Le ministre fédéral des Services aux Autochtones, Marc Miller, a critiqué mercredi le refus du gouvernement Legault d’exempter les itinérants du couvre-feu, dans la foulée du décès de Raphaël André, un Innu retrouvé mort dimanche dans une toilette chimique du centre-ville de Montréal.

Henri Ouellette-Vézina Henri Ouellette-Vézina
La Presse

« J’aurais voulu voir plus de flexibilité de la part du premier ministre du Québec. Je me range directement avec la position prise par la mairesse Plante à ce niveau », a indiqué l’élu du gouvernement Trudeau lors d’une mêlée de presse, en laissant entendre que le drame « aurait pu être évité ».

M. Miller a du même coup offert ses condoléances aux proches de Raphaël André, dont le corps gelé a été retrouvé tout près du refuge La Porte ouverte, fermé en raison d’une éclosion. Plus tôt, La Presse avait rapporté que le défunt, qui se cachait des policiers durant le couvre-feu, avait un mandat d’arrêt contre lui pour non-respect d’une promesse de comparaître le 13 novembre, après avoir été accusé de menaces.

Le ministre fédéral a appelé tous les paliers de gouvernement à traiter les plus vulnérables avec davantage d’empathie. « Si on est sans-abri, on veut se confirmer à la loi, mais une loi qui force un couvre-feu et qui force quelqu’un à prendre une décision de prendre refuge dans une toilette chimique, évidemment ça va au cœur du débat. Il faut montrer plus d’humanité selon moi », a-t-il martelé.

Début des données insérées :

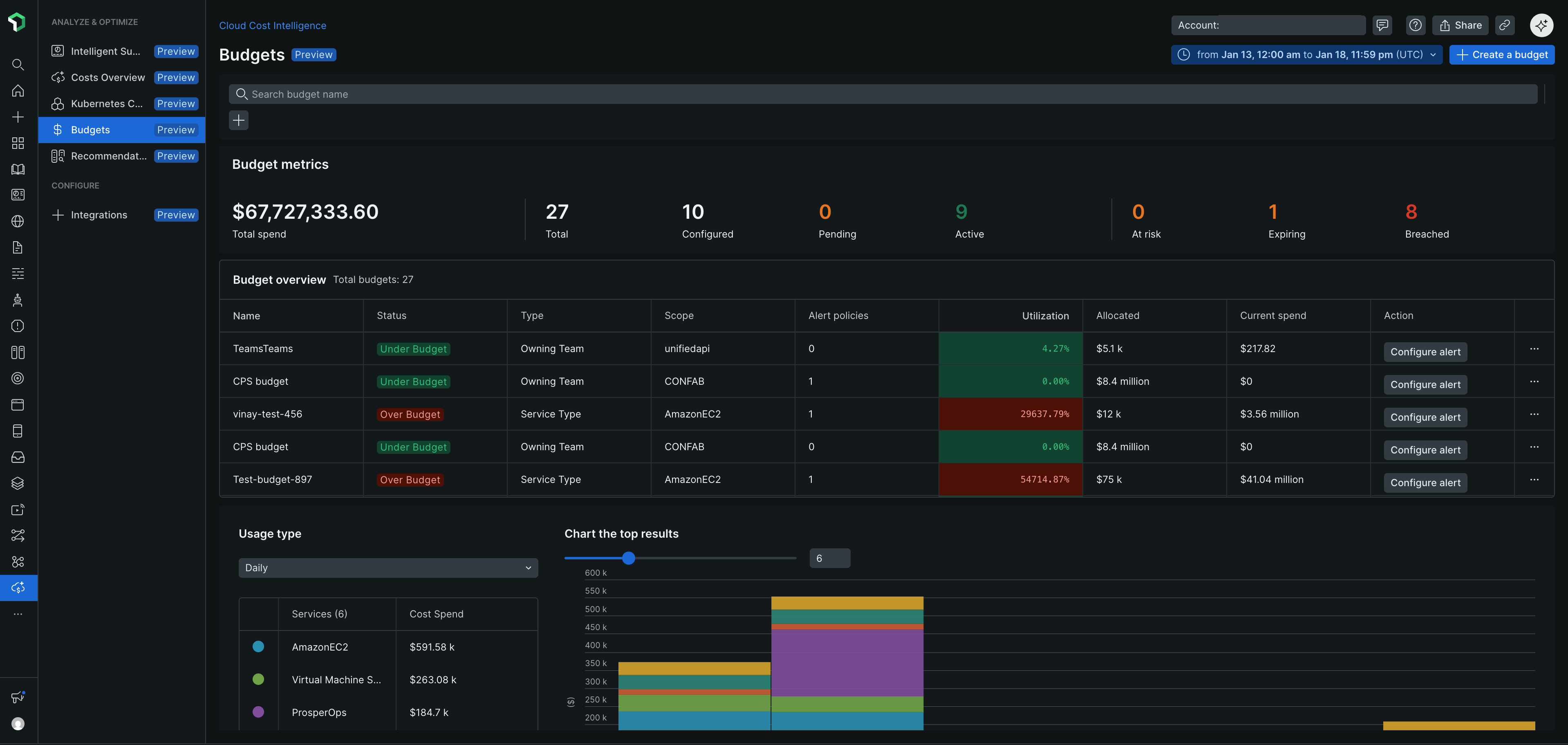 予算は、1 か月から 12 か月までの柔軟な期間にわたってアカウントの支出限度額を設定します。事前定義された制限に照らしてcloud支出を監視することで、クラウド支出を管理するのに役立ちます。

Celui qui est aussi député de la circonscription de Ville-Marie a indiqué qu’il se « demande à chaque jour si le fédéral aurait pu en faire plus » pour gérer la propagation de la COVID-19 dans les refuges pour itinérants. Il a promis de continuer à offrir des ressources et des services aux villes et aux provinces.

Je continue à réfléchir là-dessus. Il faut constater qu’il y a eu un échec de tous les paliers de gouvernements et qu’on peut faire mieux.

Marc Miller, ministre des Affaires autochtones, en parlant du cas de Raphaël André

Au Nouveau parti démocratique (NPD), le député de Rosemont-La-Petite-Patrie Alexandre Boulerice a lui aussi indiqué que les mesures sanitaires « ne font qu’exacerber la détresse que vit déjà la communauté itinérante et ne contribuent qu’à l’isoler davantage ». « En refusant d’exempter cette communauté du couvre-feu, on doit s’attendre à d’autres morts tragiques comme celle de Raphaël André. Cette communauté a des besoins particuliers et on doit adapter notre approche en conséquence », a-t-il plaidé.

Un refus qui déçoit Montréal

Mardi, le premier ministre François Legault a réitéré qu’il n’a aucunement l’intention d’exempter les itinérants. « Si on mettait dans les règlements le fait qu’un itinérant ne peut recevoir de contravention, n’importe qui pourrait dire “ moi, je suis un itinérant, donc vous n’avez pas le droit de me donner une contravention ” », a-il soutenu.

M. Legault a dit « faire confiance aux policiers » qui, selon lui, ne font pas exprès pour distribuer des amendes aux sans-abri. « Les policiers font du bon travail auprès des itinérants, laissons-les continuer à travailler », a-t-il insisté.

Peu après, mercredi matin, la mairesse de Montréal, Valérie Plante, s’est quant à elle dite déçue de la position prise par le gouvernement du Québec.

« La réponse a été “ non ” et je m’en désole. Je pense que le message qu’on doit envoyer à tout le monde, c’est de ne pas augmenter le sentiment d’insécurité chez les plus fragiles », a-t-elle dit devant le comité exécutif. « Nous allons continuer à pousser sur cette exemption et nous allons continuer à demander au Service de police de la Ville de Montréal (SPVM) de faire preuve de beaucoup de discernement avec une approche très humaine », a aussi ajouté la chef de Projet Montréal.